• _THE PROBLEM_: When you write out the listing, keep every character and omit the pictures.
########
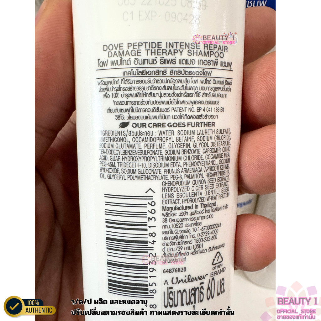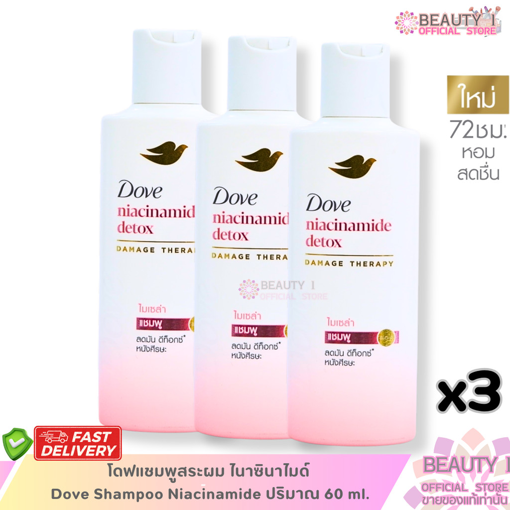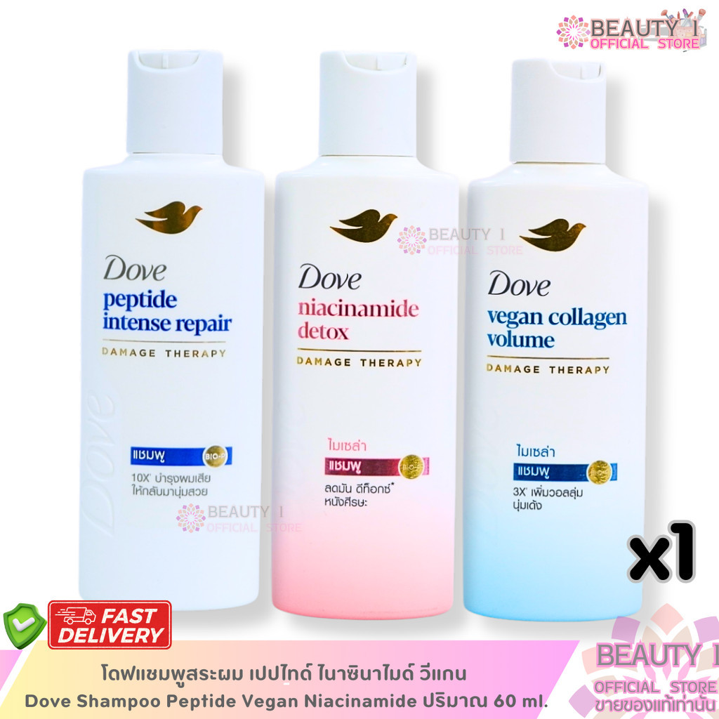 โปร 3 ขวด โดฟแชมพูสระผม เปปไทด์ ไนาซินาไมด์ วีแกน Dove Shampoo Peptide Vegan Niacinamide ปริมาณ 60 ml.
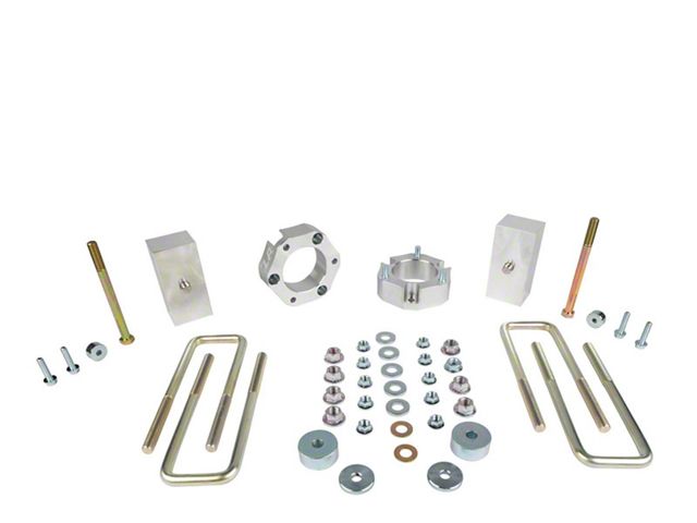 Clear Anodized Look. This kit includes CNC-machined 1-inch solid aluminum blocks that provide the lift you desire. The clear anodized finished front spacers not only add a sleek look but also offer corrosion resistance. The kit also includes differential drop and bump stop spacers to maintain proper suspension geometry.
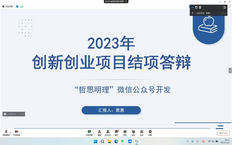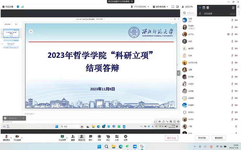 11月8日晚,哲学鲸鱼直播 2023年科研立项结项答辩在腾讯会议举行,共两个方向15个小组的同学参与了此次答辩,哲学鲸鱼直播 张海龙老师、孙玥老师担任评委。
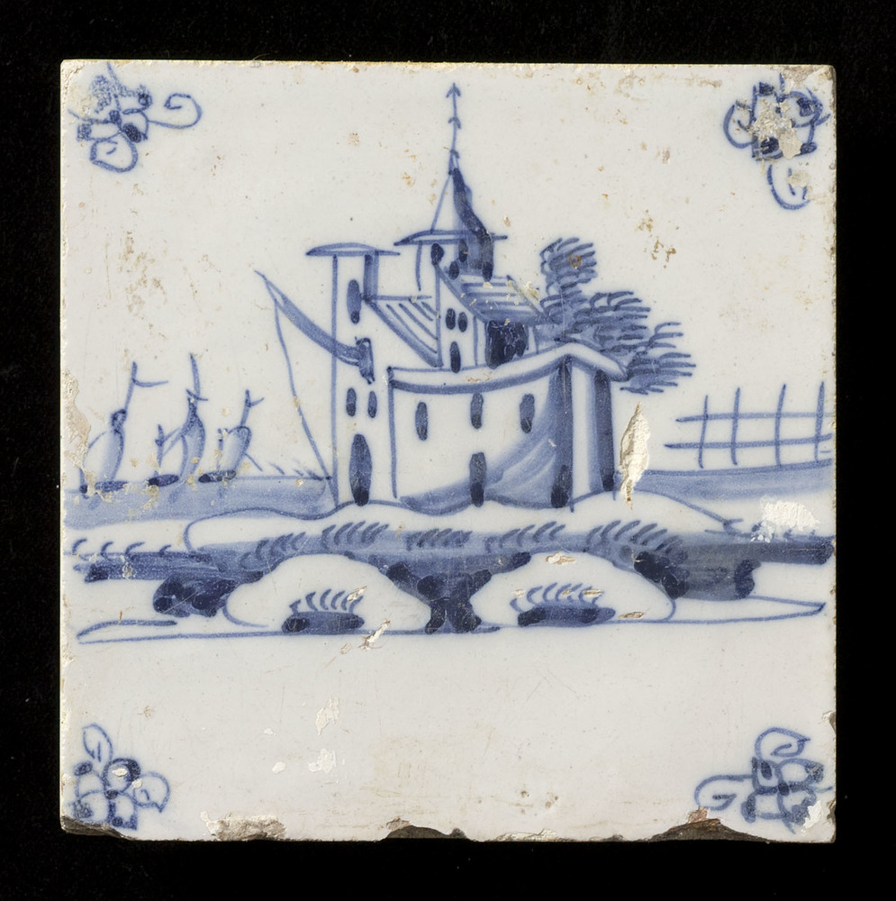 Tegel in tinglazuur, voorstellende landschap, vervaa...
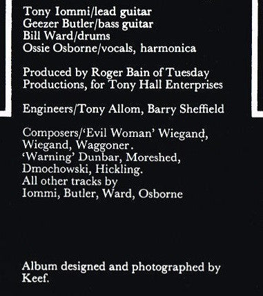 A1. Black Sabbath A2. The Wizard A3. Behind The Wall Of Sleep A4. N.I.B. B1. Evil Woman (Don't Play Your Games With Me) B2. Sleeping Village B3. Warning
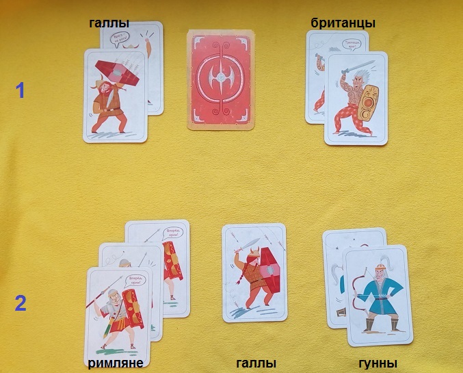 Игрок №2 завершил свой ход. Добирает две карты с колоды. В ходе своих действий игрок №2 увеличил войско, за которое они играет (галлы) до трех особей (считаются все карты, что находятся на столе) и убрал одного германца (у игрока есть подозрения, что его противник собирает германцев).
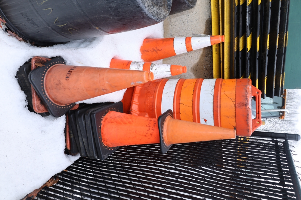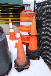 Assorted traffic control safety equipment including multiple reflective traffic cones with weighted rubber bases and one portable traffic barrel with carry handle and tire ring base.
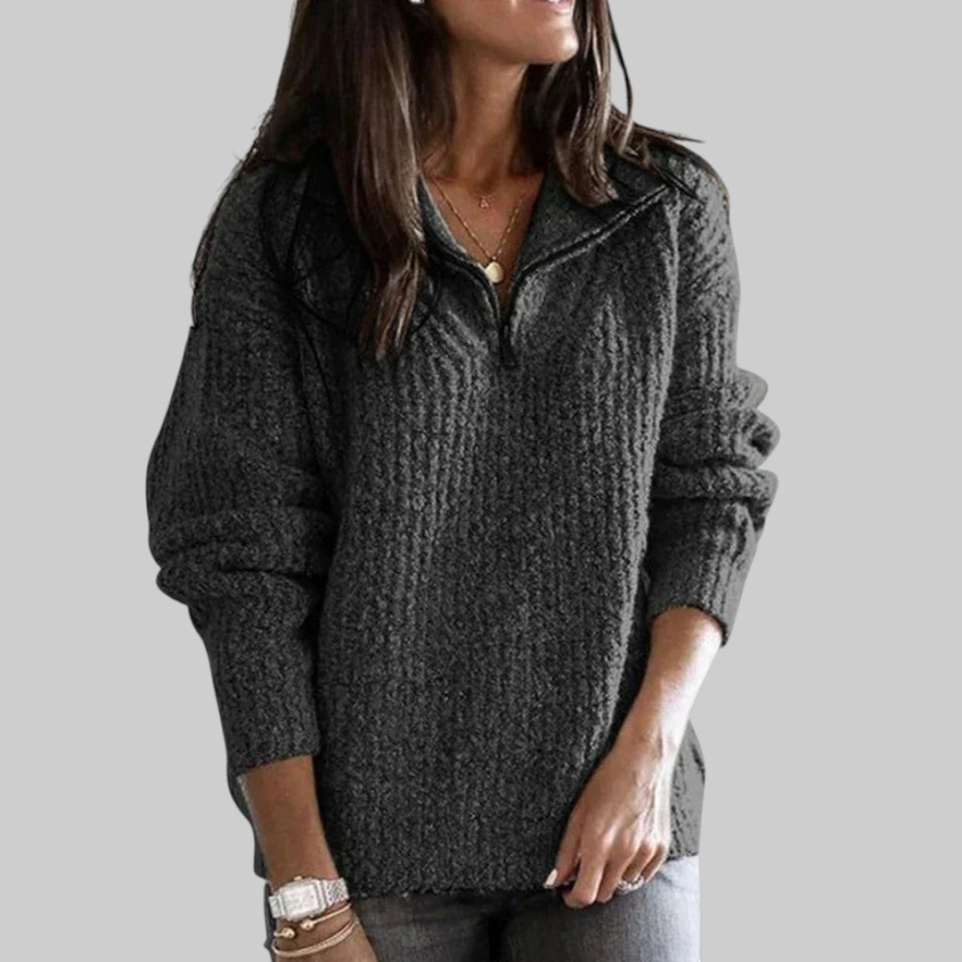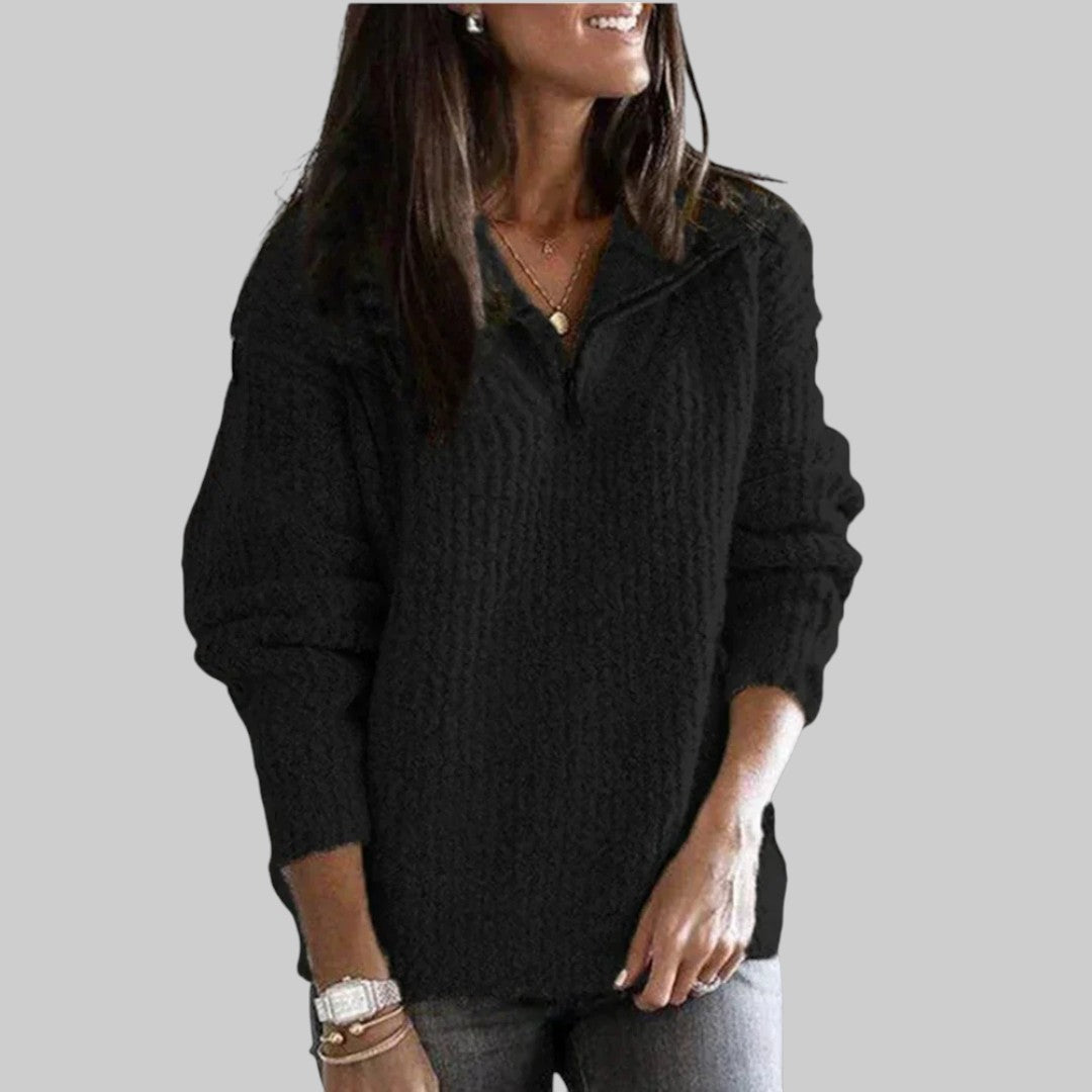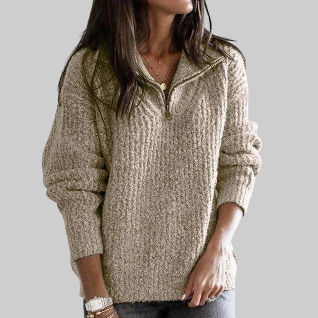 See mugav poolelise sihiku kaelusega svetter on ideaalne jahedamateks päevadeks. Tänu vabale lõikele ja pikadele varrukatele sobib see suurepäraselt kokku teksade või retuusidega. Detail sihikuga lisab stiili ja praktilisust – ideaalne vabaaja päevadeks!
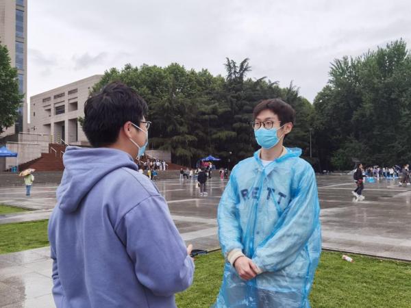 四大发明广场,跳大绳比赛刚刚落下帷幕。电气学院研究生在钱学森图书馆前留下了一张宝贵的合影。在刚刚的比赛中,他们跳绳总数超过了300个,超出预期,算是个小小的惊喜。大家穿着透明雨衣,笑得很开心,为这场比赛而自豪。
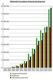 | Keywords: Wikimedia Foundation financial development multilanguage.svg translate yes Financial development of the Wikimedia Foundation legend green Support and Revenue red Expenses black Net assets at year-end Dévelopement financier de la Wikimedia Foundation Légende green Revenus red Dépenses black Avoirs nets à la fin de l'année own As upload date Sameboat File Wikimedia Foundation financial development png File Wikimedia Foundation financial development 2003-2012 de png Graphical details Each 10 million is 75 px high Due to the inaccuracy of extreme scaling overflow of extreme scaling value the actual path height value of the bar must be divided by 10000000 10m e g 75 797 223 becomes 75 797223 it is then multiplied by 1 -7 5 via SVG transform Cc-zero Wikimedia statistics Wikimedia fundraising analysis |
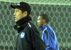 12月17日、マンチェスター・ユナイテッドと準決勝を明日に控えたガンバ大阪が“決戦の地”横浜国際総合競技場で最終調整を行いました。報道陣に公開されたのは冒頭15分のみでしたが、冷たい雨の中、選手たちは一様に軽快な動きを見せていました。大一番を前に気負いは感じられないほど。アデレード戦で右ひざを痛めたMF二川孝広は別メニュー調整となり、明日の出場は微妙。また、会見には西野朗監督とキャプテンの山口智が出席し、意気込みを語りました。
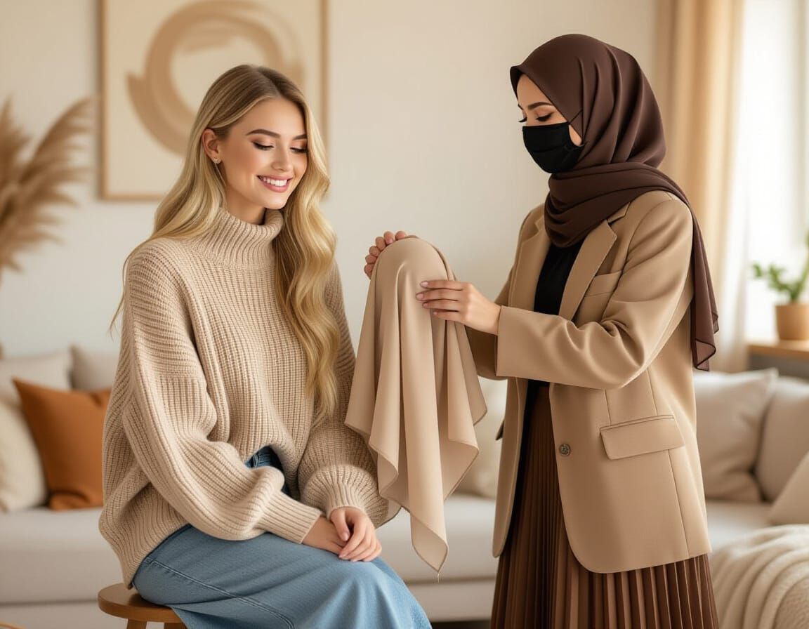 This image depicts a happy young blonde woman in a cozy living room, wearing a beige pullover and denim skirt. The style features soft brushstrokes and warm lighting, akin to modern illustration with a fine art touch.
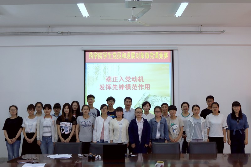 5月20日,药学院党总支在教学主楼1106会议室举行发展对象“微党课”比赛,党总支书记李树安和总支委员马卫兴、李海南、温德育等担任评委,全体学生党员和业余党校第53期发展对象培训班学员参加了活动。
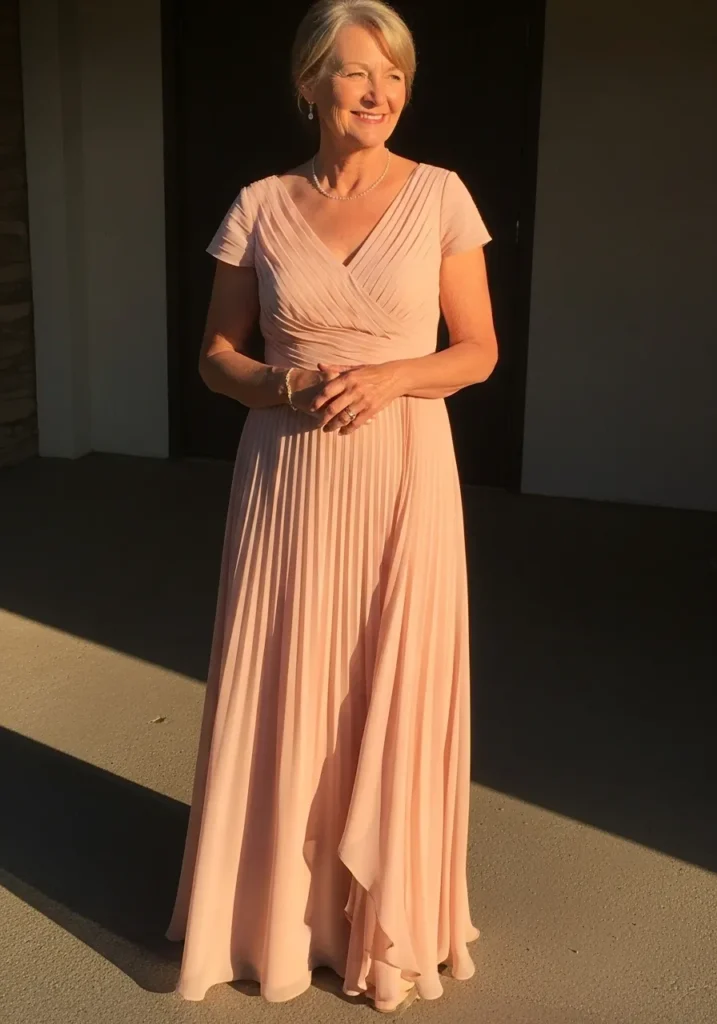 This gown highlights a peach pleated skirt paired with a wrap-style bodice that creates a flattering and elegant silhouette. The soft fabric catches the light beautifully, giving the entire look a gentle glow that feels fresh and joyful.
########
• _RESPONSE AREA_:
 โปร 3 ขวด โดฟแชมพูสระผม เปปไทด์ ไนาซินาไมด์ วีแกน Dove Shampoo Peptide Vegan Niacinamide ปริมาณ 60 ml.
 Clear Anodized Look. This kit includes CNC-machined 1-inch solid aluminum blocks that provide the lift you desire. The clear anodized finished front spacers not only add a sleek look but also offer corrosion resistance. The kit also includes differential drop and bump stop spacers to maintain proper suspension geometry.
 11月8日晚,哲学鲸鱼直播 2023年科研立项结项答辩在腾讯会议举行,共两个方向15个小组的同学参与了此次答辩,哲学鲸鱼直播 张海龙老师、孙玥老师担任评委。
 Tegel in tinglazuur, voorstellende landschap, vervaa...
 A1. Black Sabbath A2. The Wizard A3. Behind The Wall Of Sleep A4. N.I.B. B1. Evil Woman (Don't Play Your Games With Me) B2. Sleeping Village B3. Warning
 Игрок №2 завершил свой ход. Добирает две карты с колоды. В ходе своих действий игрок №2 увеличил войско, за которое они играет (галлы) до трех особей (считаются все карты, что находятся на столе) и убрал одного германца (у игрока есть подозрения, что его противник собирает германцев).
 Assorted traffic control safety equipment including multiple reflective traffic cones with weighted rubber bases and one portable traffic barrel with carry handle and tire ring base.
 See mugav poolelise sihiku kaelusega svetter on ideaalne jahedamateks päevadeks. Tänu vabale lõikele ja pikadele varrukatele sobib see suurepäraselt kokku teksade või retuusidega. Detail sihikuga lisab stiili ja praktilisust – ideaalne vabaaja päevadeks!
 四大发明广场,跳大绳比赛刚刚落下帷幕。电气学院研究生在钱学森图书馆前留下了一张宝贵的合影。在刚刚的比赛中,他们跳绳总数超过了300个,超出预期,算是个小小的惊喜。大家穿着透明雨衣,笑得很开心,为这场比赛而自豪。
 | Keywords: Wikimedia Foundation financial development multilanguage.svg translate yes Financial development of the Wikimedia Foundation legend green Support and Revenue red Expenses black Net assets at year-end Dévelopement financier de la Wikimedia Foundation Légende green Revenus red Dépenses black Avoirs nets à la fin de l'année own As upload date Sameboat File Wikimedia Foundation financial development png File Wikimedia Foundation financial development 2003-2012 de png Graphical details Each 10 million is 75 px high Due to the inaccuracy of extreme scaling overflow of extreme scaling value the actual path height value of the bar must be divided by 10000000 10m e g 75 797 223 becomes 75 797223 it is then multiplied by 1 -7 5 via SVG transform Cc-zero Wikimedia statistics Wikimedia fundraising analysis |
 12月17日、マンチェスター・ユナイテッドと準決勝を明日に控えたガンバ大阪が“決戦の地”横浜国際総合競技場で最終調整を行いました。報道陣に公開されたのは冒頭15分のみでしたが、冷たい雨の中、選手たちは一様に軽快な動きを見せていました。大一番を前に気負いは感じられないほど。アデレード戦で右ひざを痛めたMF二川孝広は別メニュー調整となり、明日の出場は微妙。また、会見には西野朗監督とキャプテンの山口智が出席し、意気込みを語りました。
 This image depicts a happy young blonde woman in a cozy living room, wearing a beige pullover and denim skirt. The style features soft brushstrokes and warm lighting, akin to modern illustration with a fine art touch.
 5月20日,药学院党总支在教学主楼1106会议室举行发展对象“微党课”比赛,党总支书记李树安和总支委员马卫兴、李海南、温德育等担任评委,全体学生党员和业余党校第53期发展对象培训班学员参加了活动。
 This gown highlights a peach pleated skirt paired with a wrap-style bodice that creates a flattering and elegant silhouette. The soft fabric catches the light beautifully, giving the entire look a gentle glow that feels fresh and joyful.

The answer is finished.